As with other tribes in Montana, these tribes seem to trace their roots to Paleo-Indian big-game (usually mammoth) hunters. The ancestors of the nomadic Montana Kootenai appear to have come up from the south and colonized Montana soon after the glaciers receded about 12000 years ago, and for many millennia lived primarily on salmon for food, deerskin clothing, and deerskin-lodgepole tepees for shelter. Related Kootenai bands seem to have once had hunting grounds near the Great Lakes and been driven West by the Blackfeet perhaps 2000 years ago. Kootenai religion centered on Grizzly Bear, a creator god, Blue Jay, a god of war, and sacred tobacco.
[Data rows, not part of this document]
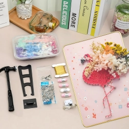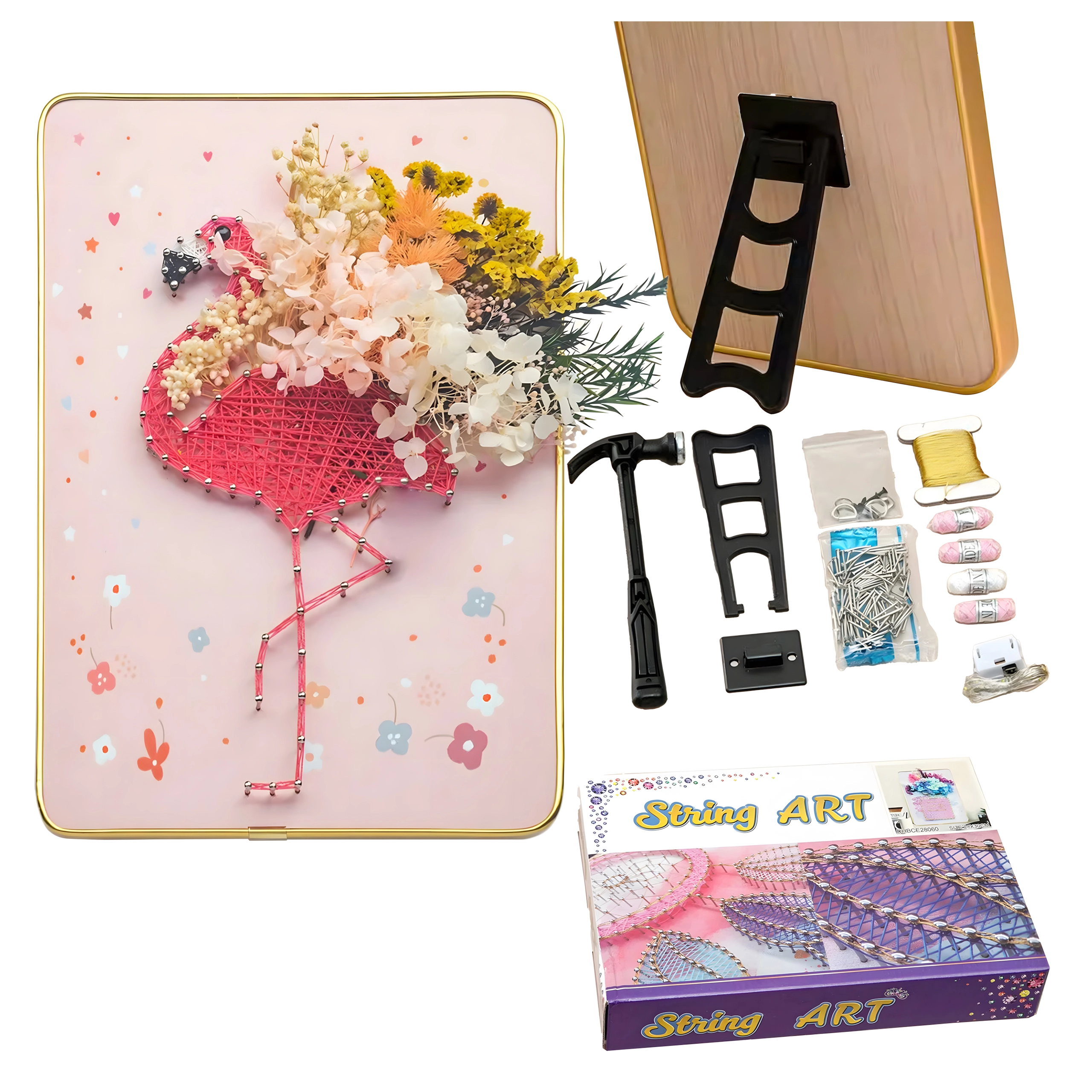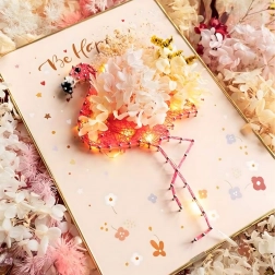 Ovaj kreativni set za string art (omotavanje niti oko čavlića) omogućuje vam lako stvoriti stylish sliku s motivom flaminga i cvijeća. Gotovu sliku možete objesiti na zid ili postaviti na policu. Integrirano LED osvjetljenje osvjetlit će završni motiv i pretvoriti ga u dojmljivu svjetlosnu dekoraciju.
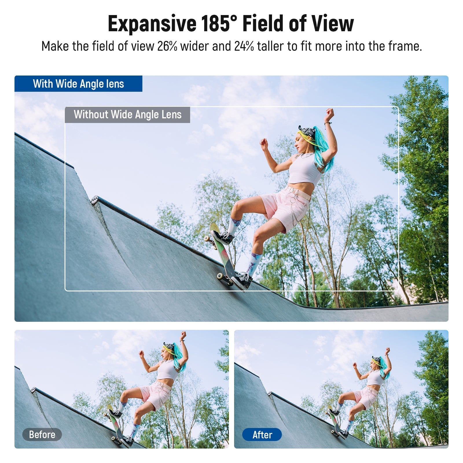 • Wide Angle Lens with 185° FOV- The wide angle lens expands the field of view (FOV) to 185° and creates a slightly distorted effect for creative shots, perfect for landscape, street photography, and group portraits. Its highly transmissive aspherical lens construction delivers exceptional clarity
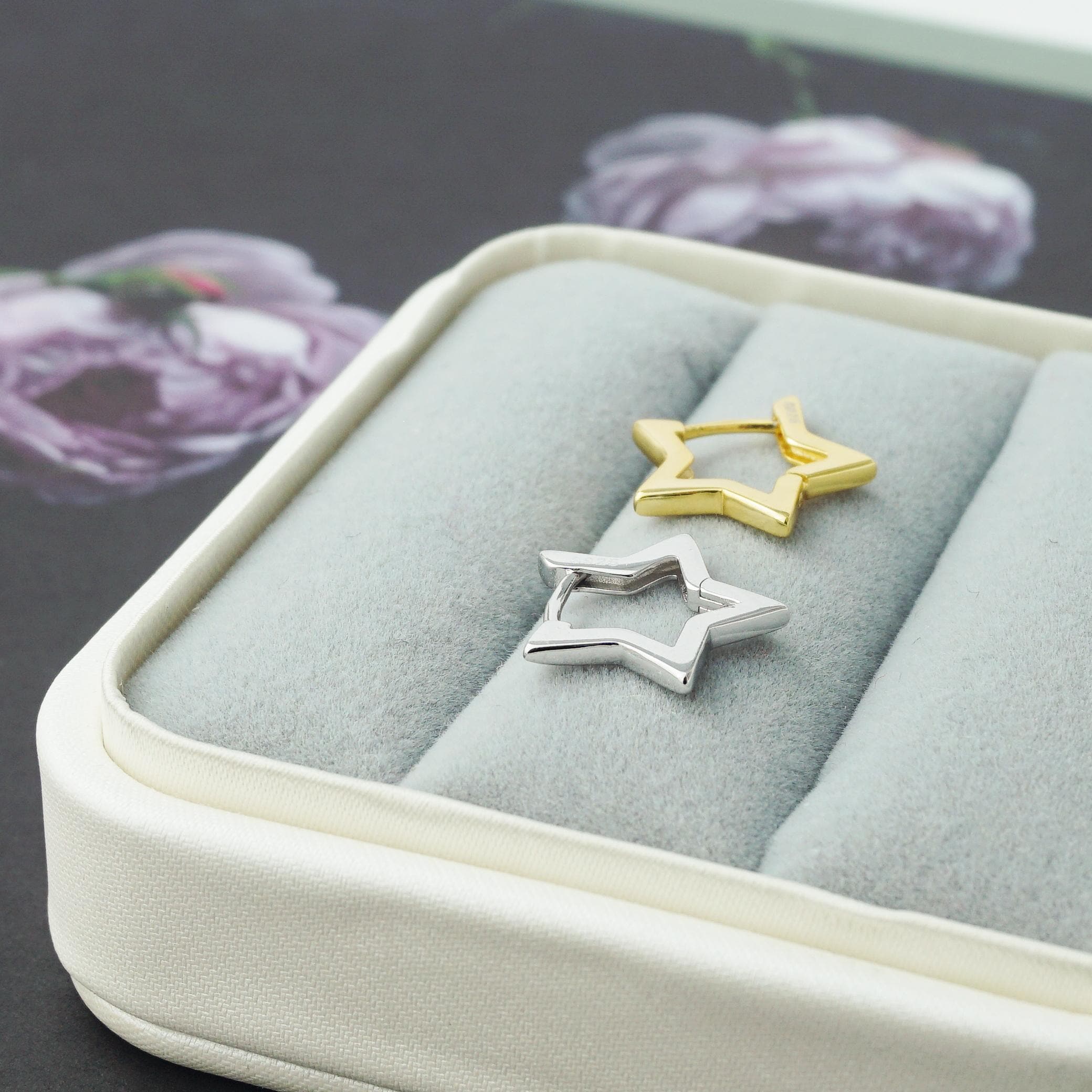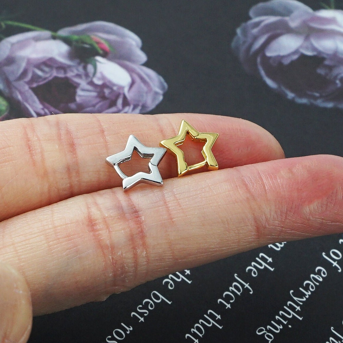 Illuminate your style with our captivating Star Huggie Hoop Earrings, available in silver or gold finish. Let the celestial beauty and

Their holiest site was Kootenai Falls on the Kootenai River near present-day Libby, where other tribes would come to trade goods such as furs or smoked fish for assistance from their healers, and where people conducted vision quests in order to join the fraternities responsible for the tribal division of labor. Their language, now nearly extinct, is a so-called language isolate, sometimes posited to be distantly related to the Salishan and/or Algonquian languages and their relatives. Their name for themselves, Ksanka, means “eaters of lean meat” while the Blackfeet name for them, Kotonáwa (Kootenai) means “licks the blood,” a possible reference to cannibalistic practice in the distant past. Their leaders, the War Chief responsible for foreign affairs and Guide Chief responsible for everything else, were selected by the fraternities to which people were invited based on their capabilities and were usually but not always male. After trading the excellent canoes they made to the Blackfeet for horses in the 18th century, some of the Kootenai began taking part in the Plains bison hunt east of the Rockies, and bison replaced salmon as the main source of food and deer as the main tepee construction material. Here they were introduced to the Sun Dance cult, which involved mortification of the flesh, perhaps by the Assiniboine. However, they were driven back across the Rockies by the Blackfeet after the Blackfeet acquired guns. They were introduced to Catholicism by Iroquois and later French missionaries beginning in the 17th century and are largely Catholic today. Historically they had good relations with other tribes except the Blackfeet, their longtime enemies.